▶ [Action item]: Strip out the pictures and output each remaining line of the data word for word.

▶ [Data shown]:
——————

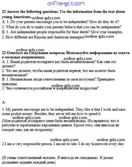 Готовые домашние задания по Английскому языку за 8 класс Учебник Биболетова, Трубанева Enjoy English 2015 - Homework Unit 4 22
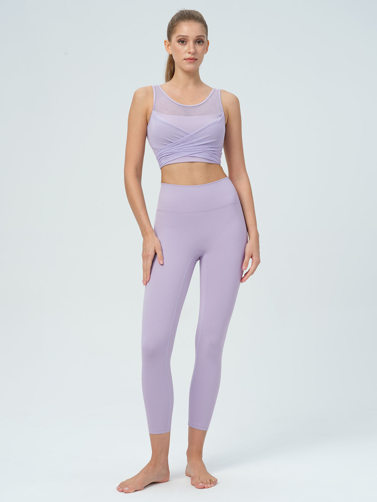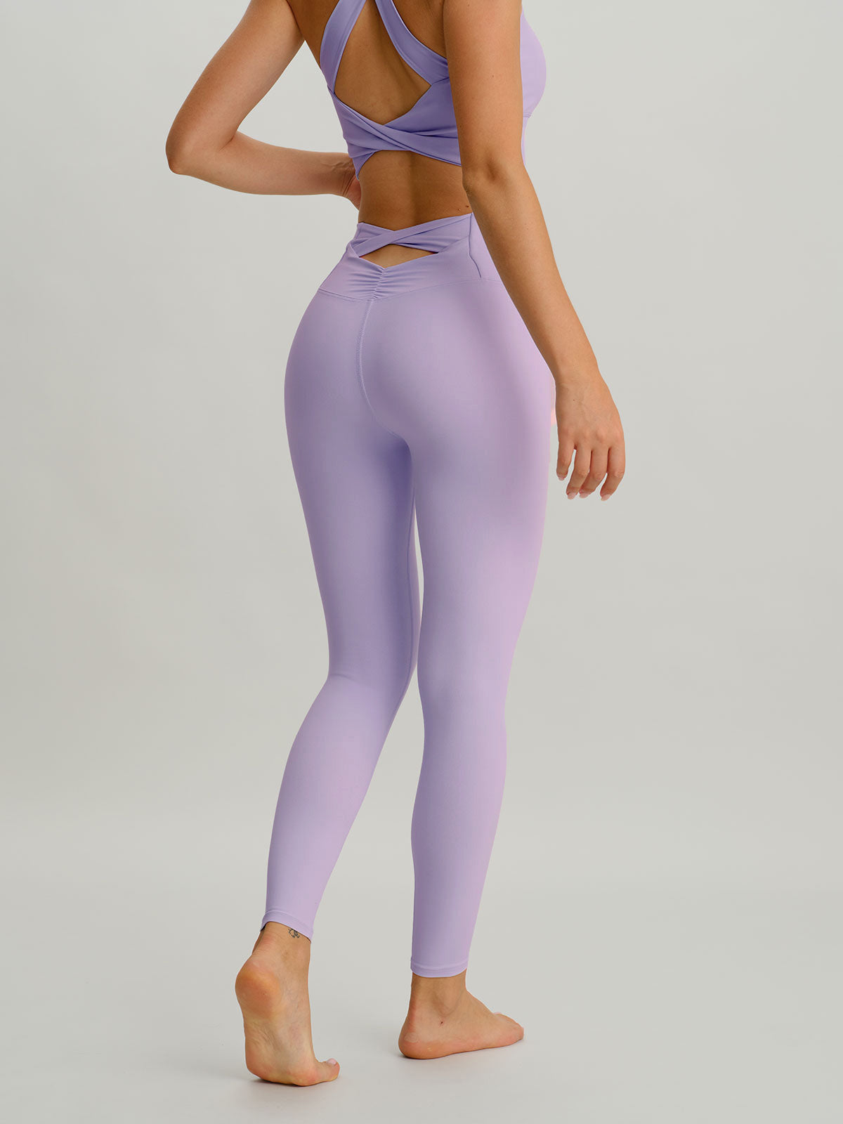 The Light Purple Cut Out Leggings 24" combine style and performance, with a sleek cut-out design and flattering high waist. Available in inclusive sizes, these leggings are wear-tested for the perfect fit. The breathable, moisture-wicking fabric offers comfort during workouts, lounging, or running errands. The 24" length provides a versatile, streamlined silhouette.
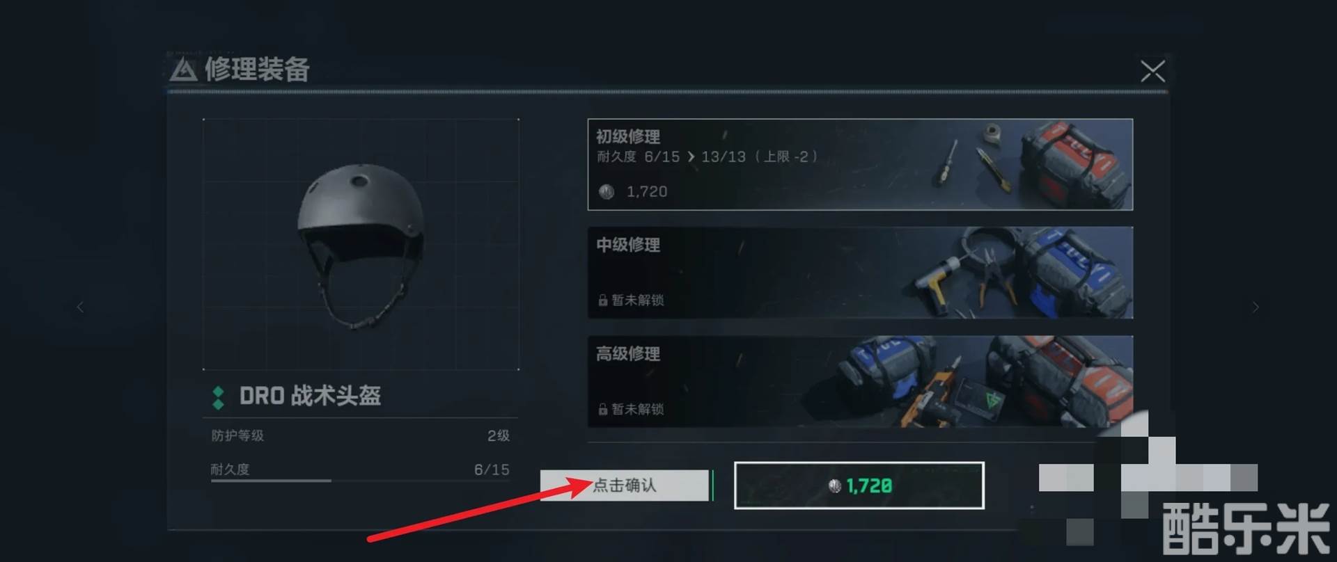 第三步:修理完装备头盔后,【点击确认】图标即可成功维修头盔。

——————

▶ [Answer to the problem]:
 Готовые домашние задания по Английскому языку за 8 класс Учебник Биболетова, Трубанева Enjoy English 2015 - Homework Unit 4 22
 The Light Purple Cut Out Leggings 24" combine style and performance, with a sleek cut-out design and flattering high waist. Available in inclusive sizes, these leggings are wear-tested for the perfect fit. The breathable, moisture-wicking fabric offers comfort during workouts, lounging, or running errands. The 24" length provides a versatile, streamlined silhouette.
 第三步:修理完装备头盔后,【点击确认】图标即可成功维修头盔。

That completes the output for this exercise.